Hesaplar karıştı
Yoğun bir haftayı geride bıraktık. Takımlar, 10 gün içerisinde 3'er maç yaptılar. Bu dönemde ligin kaderini ciddi şekilde etkileyecek sonuçlar alınmasa da özellikle lig üçüncülüğü ve küme düşme hattındaki mücadeleler değişik bir boyut kazandı. Öncelikle lig üçüncülüğü için aday sayısı dört iken beşe çıktı. Hiç hesapta olmayan Konyaspor, sırasıyla Beşiktaş, Trabzon ve Kayseri'yi yenerek lig üçüncüsü ile arasındaki puan farkını beşe indirdi. 17 haftadır üçüncü sırada bulunan Kayseri tahtını kaybetti. Bu beklenmeyen düşüş, Kayseri'nin altındaki ekiplerin iştahını kabarttı. Bundan sonra dördüncülük bile önem taşıyabilir. Türkiye Kupası'nda finalist takımların belli olmasının ardından lig dördüncüsünün UEFA Kupası'na gitme şansı olabilir.

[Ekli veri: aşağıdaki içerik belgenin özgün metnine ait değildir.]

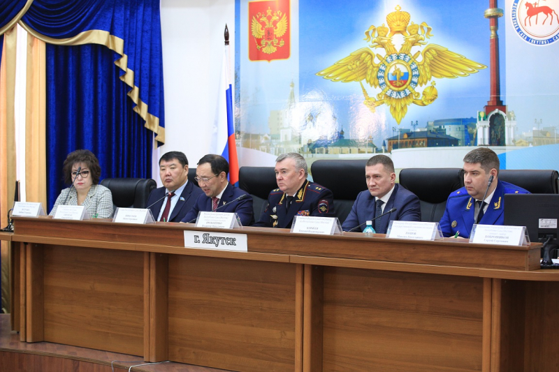 Сегодня в МВД по Республике Саха (Якутия) под председательством Министра внутренних дел республики генерал-лейтенанта полиции Владимира Прокопенко состоялось расширенное заседание коллегии на котором подведены итоги оперативно-служебной деятельности министерства и территориальных органов на районном уровне за истекший период. В работе коллегии приняли участие Глава республики Айсен Николаев, Председатель Государственного Собрания (Ил Тумэн) Республики Саха (Якутия) Алексей Еремеев, Главный Федеральный инспектор по Республике Саха (Якутия) Евгений Корнеев, Прокурор Республики Саха (Якутия) государственный советник юстиции 3 класса Максим Попов, Председатель Верховного суда Республики Саха (Якутия) Любовь Летучих, начальник УФСБ России по Республике Саха (Якутия) генерал-майор Сергей Бобровников, руководитель СУ СК России по Республике Саха (Якутия) полковник юстиции Виталий Кондратенко, начальник УФСИН России по Республике Саха (Якутия) полковник внутренней службы Василий Седрисев, врио начальника УФСВНГ России по Республике Саха (Якутия) полковник полиции Сергей Шапошников, Уполномоченный по правам человека в Республике Саха (Якутия) Сардана Гурьева, врио руководителя Управления Федеральной службы судебных приставов по Республике Саха (Якутия) - главного судебного пристава майор внутренней службы Александр Рогалев, председатель Общественного совета при МВД по Республике Саха (Якутия) Иван Луцкан.

DEPLASMAN SÜRPRİZLERİ Küme düşme hattında ise Diyarbakır'ın ve Ankaraspor'un deplasmanda galip gelmeleri, Samsunspor'un da deplasmandan puanla dönmesi ortaya değişik hesaplar çıkmasına yol açtı. Üst üste kötü sonuçlar alan Denizlispor tehlikeyi daha yakından hissetmeye başladı. Son iki maçını kaybeden Ankaragücü ve üç haftadır galip gelemeyen Gaziantep de tehlike çanları çalmaya devam ediyor. Ancak geçen haftanın en şanssız takımı hem kaleci Fevzi'yi hem de oynadığı 2 kritik maçı da kaybeden Malatya'ydı. Son haftalar daha da zorlu geçecek. Belki de son yılların en zor küme düşmeme mücadelesini izleyeceğiz.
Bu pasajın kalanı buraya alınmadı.